IF the Dr Vijay Kelkar led task force has its way, consumers might soon be able to take their eyes off the taxation moves made in the Ministry of Finance before taking financial decisions.

"The goal of a rational tax system is to empower households to engage in undistorted decision making, driven by their own needs and preferences and not decisions made in the Ministry of Finance," the report has said on its suggestions on the tax strategy that needs to be adopted by the Government.

Pointing out that the Indian consumer is "remarkably sensitive to apparently small changes in relative prices", the task force has suggested that along with have fewer tax rates attempts should be made to ensure that the rates are kept low.

"High tax rates distort economic decisions and fuel the deployment of resources into tax avoidance and tax evasion.
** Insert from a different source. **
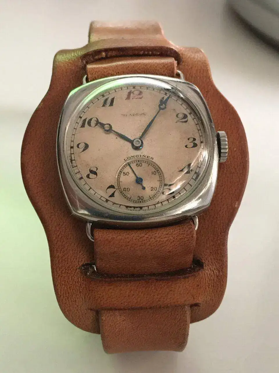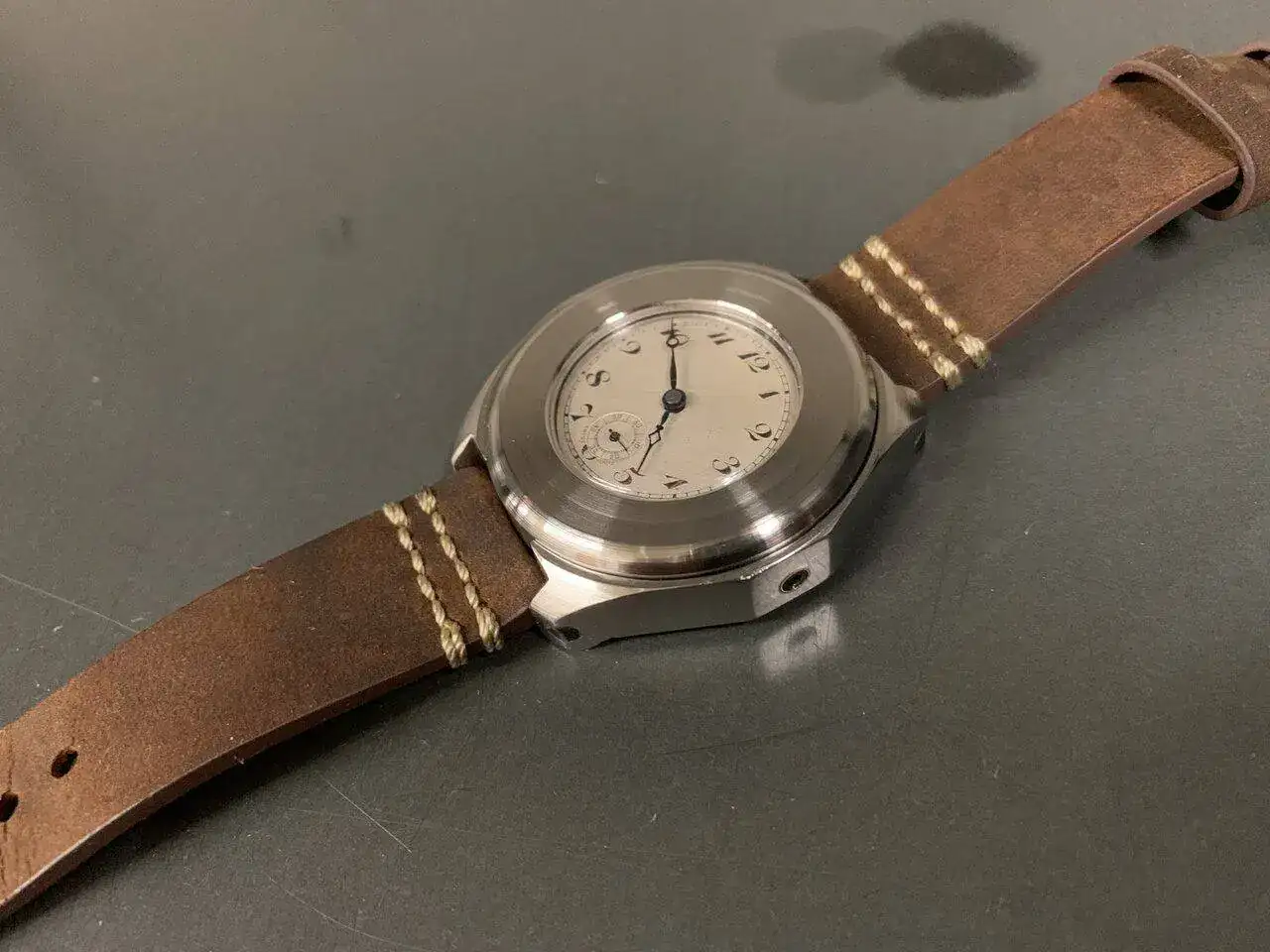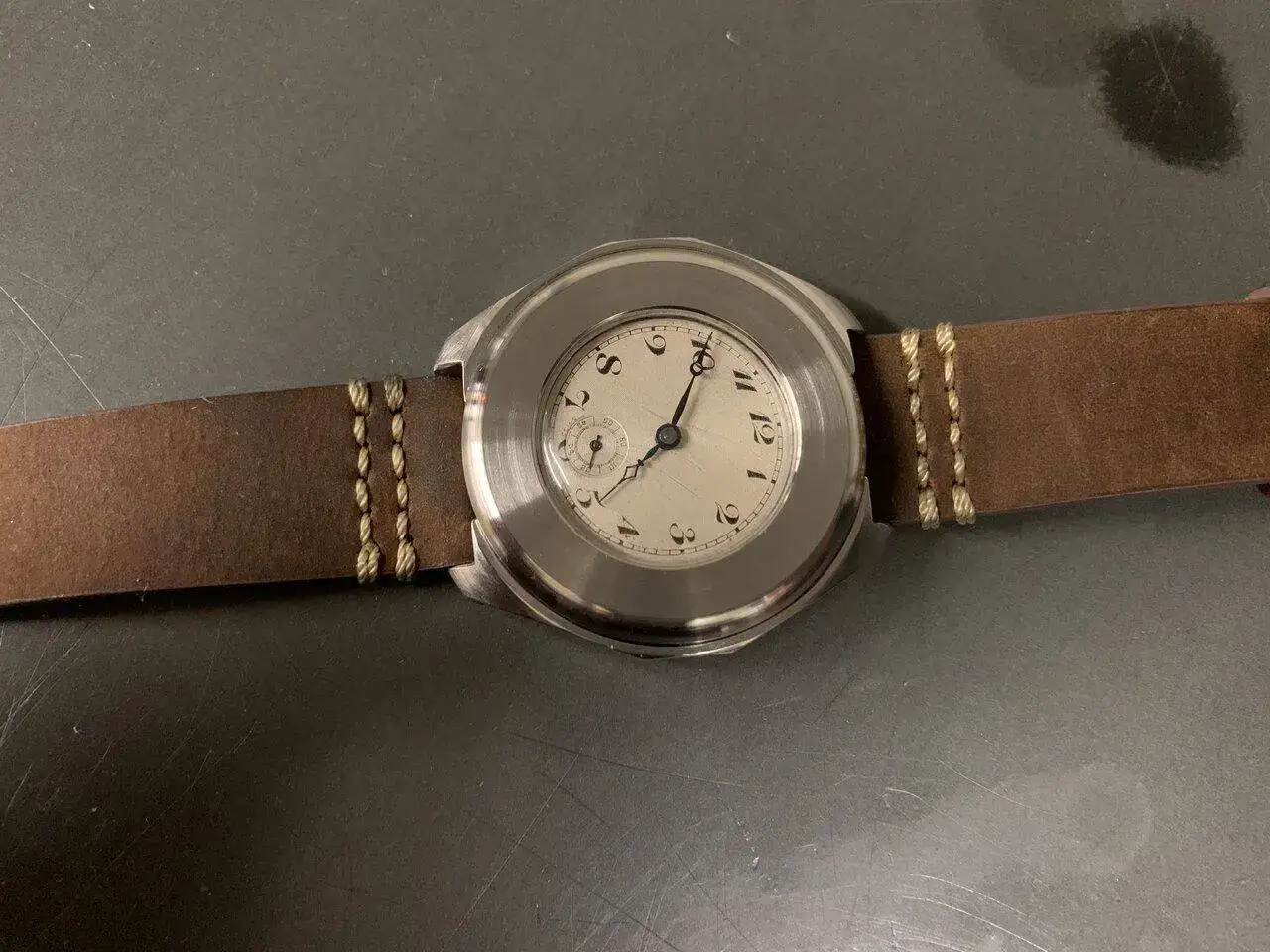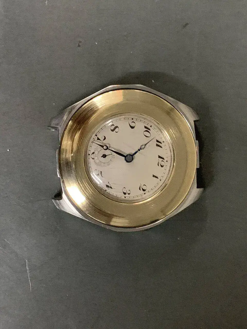 Buenas tardes, hacía ya mucho que no colgaba nada, pero hoy releyendo posts me he animado. Hace ya algunos años, adquirí un reloj de trinchera, pequeñito, 34mm contando asas soldadas, en plata. Un reloj precioso y que recientemente, desmontando la esfera para limpiarla, descubrí que en su interior latía un calibre Adolf Schild 554.

A large number of rates of taxes generate problems of bracket creep, classification disputes and political lobbying," the report has said.

The panel has said that the instead of increasing the tax rates to boost collections, the preferred strategy would be to expand the tax base. "This (widening the base) would involve removing exemptions and broadening the scope of the tax system to bring within its fold economic activities which are currently exempted," it has said.

Strongly favouring a value-added tax (VAT) regime, the task force has said that it was essential to shift to non-distortionary consumption taxes. "The destination-based VAT on all goods and service is the best method of eliminating distortions and taxing consumption," it has said.

It has also proposed to enhance the neutrality of the tax system to the form of organisation. "The choice of organisational structure adopted by decision makers in the economy should be driven by efficiency considerations and not tax considerations."

The panel has also expressed itself against imposing ad-hoc tax rates. "It is always possible to pick sectors with easy enforceability - such as telecom, banking or oil - and impose taxes on them. However, such an approach is not a long-term foundation for a sound tax system," the panel has argued.

It has said that such ad-hoc taxes "induce deeper distortions in the economy, adversely affecting the growth of GDP through misallocation of resources and setting the stage for new kinds of tax avoidance mechanisms."

The panel has favoured voluntary compliance and has said that non-compliance should be made a risky affair for the violators.